Aside from the twist the film is also unique in the way the narrative is presented. The majority of the story is told as a series of flashbacks by crippled con artist Verbal Kint (a performance which deservedly won Kevin Spacey his first Oscar). The film's other Oscar went to screenwriter Christopher McQuarrie (who also directed 'The Way of the Gun' (2000)) for his brilliantly constructed screenplay. It's a testament to the director, Bryan Singer that he was able to combine all these elements and turn them into something which is nothing short of a modern masterpiece. His moody and stylish direction help to bring the film together and perfectly complement the film's dark tone. A mention should also go to John Ottman for his skilful editing and amazing score.

The Usual Suspects is more than just a film with a clever ending. It revealed an awful lot about film audiences and showed us that their expectations can be used against them. It is also a film about story telling and the importance of myth. I think that one of the most valuable lessons that filmmakers can learn from ‘The Usual Suspects' is that the more interesting and intriguing your story is the more your audience will believe.

The Usual Suspects was certainly not the first film to contain twist ending (the twist ending became one of Alfred Hitchcock's trademarks) and was certainly not the last ('The Sixth Sense' (1999) also used this technique effectively but left more subtle clues for the audience to pick up on their repeated viewings). Despite this 'The Usual Suspects' remains one of the most innovative and memorable crime thrillers of the nineties.

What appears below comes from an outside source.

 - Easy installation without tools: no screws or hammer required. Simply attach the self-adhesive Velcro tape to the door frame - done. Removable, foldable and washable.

Reviewed by Infofreak 5 / 10

A stone cold CLASSIC!

'The Usual Suspects' has received a lot of comment for its killer twist ending, which while by no means the first in movie history, has proved to be enormously influential (stand up Messrs. Fincher and Shyamalan...). But this movie is so much more than a surprise ending! It is a meticulously scripted, faultlessly acted masterpiece that stands up to repeated viewings. Every single time I watch it I notice some new detail, or get more enjoyment out of a performance or scene.

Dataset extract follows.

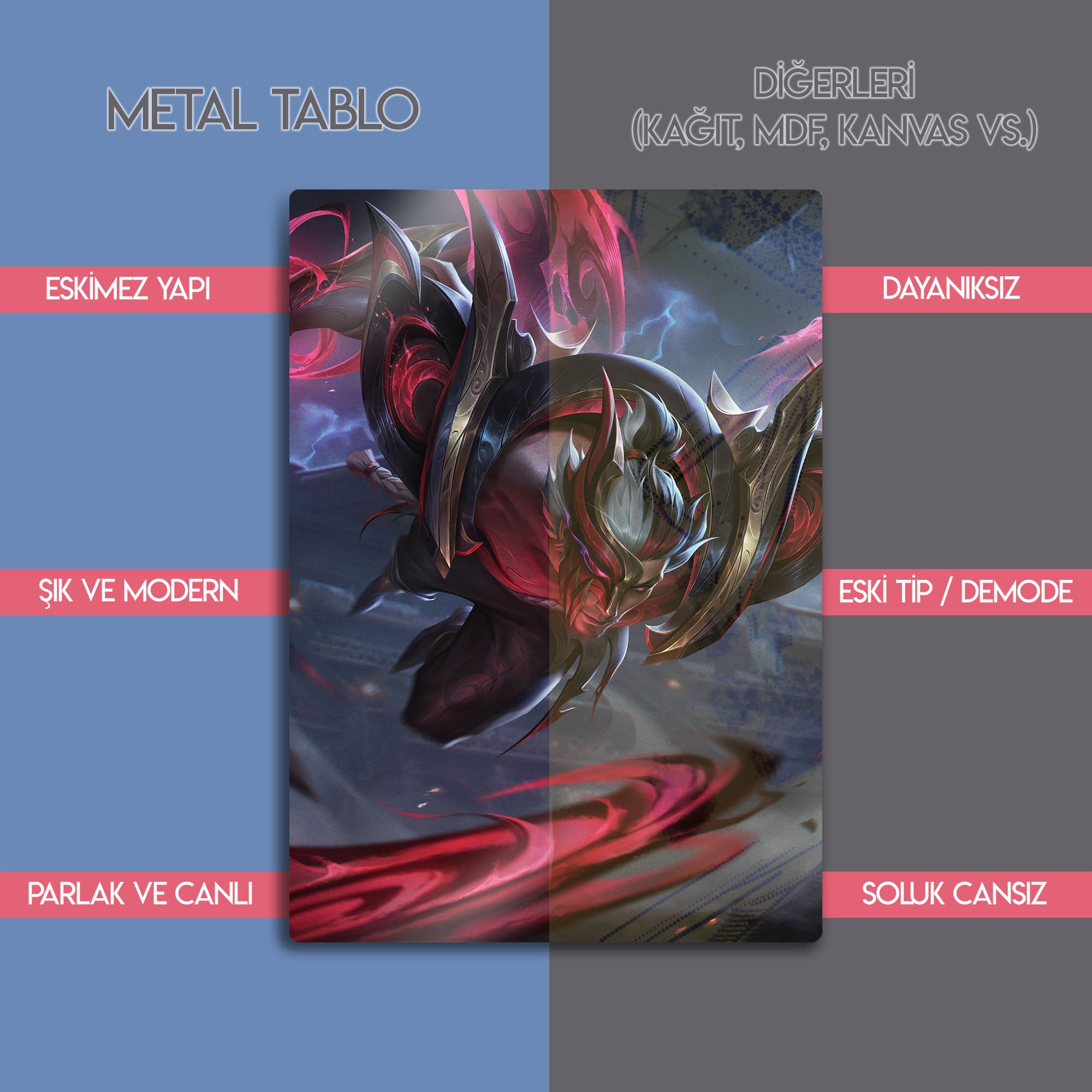 League of Legends karakteri Yücelik Yolu Zed tablosu şimdi sizlerle. Evinize, ofisinize, duvarınıza renk katacak eşsiz koleksiyonda bir tablo.

This movie really put Kevin Spacey on the map, but everyone in the ensemble cast is outstanding, even Stephen Baldwin(!), who has never appeared in a movie this good before, or since. I also got a kick out of the Paul Bartel ( 'Death Race 2000', 'Eating Raoul') cameo, and the ultra-cool Peter Greene's ('Laws Of Gravity', 'Pulp Fiction') all too brief appearance. Bartel is sorely missed, and Greene one day (mark my words!) will become the star he deserves to be.

Director Bryan Singer has yet to live up to the promise shown here with his subsequent movies, the average 'Apt Pupil' and the disappointing 'X-Men'. For all the acclaim he and the (admittedly superb) cast have received, the real star of 'The Usual Suspects' is Christopher McQuarrie's sensational script, one of the finest of the modern era, and one that genuinely deserved it's Oscar.

It really doesn't get any better than this!! One of the greatest movies ever made, any time, any where. A truly unforgettable experience.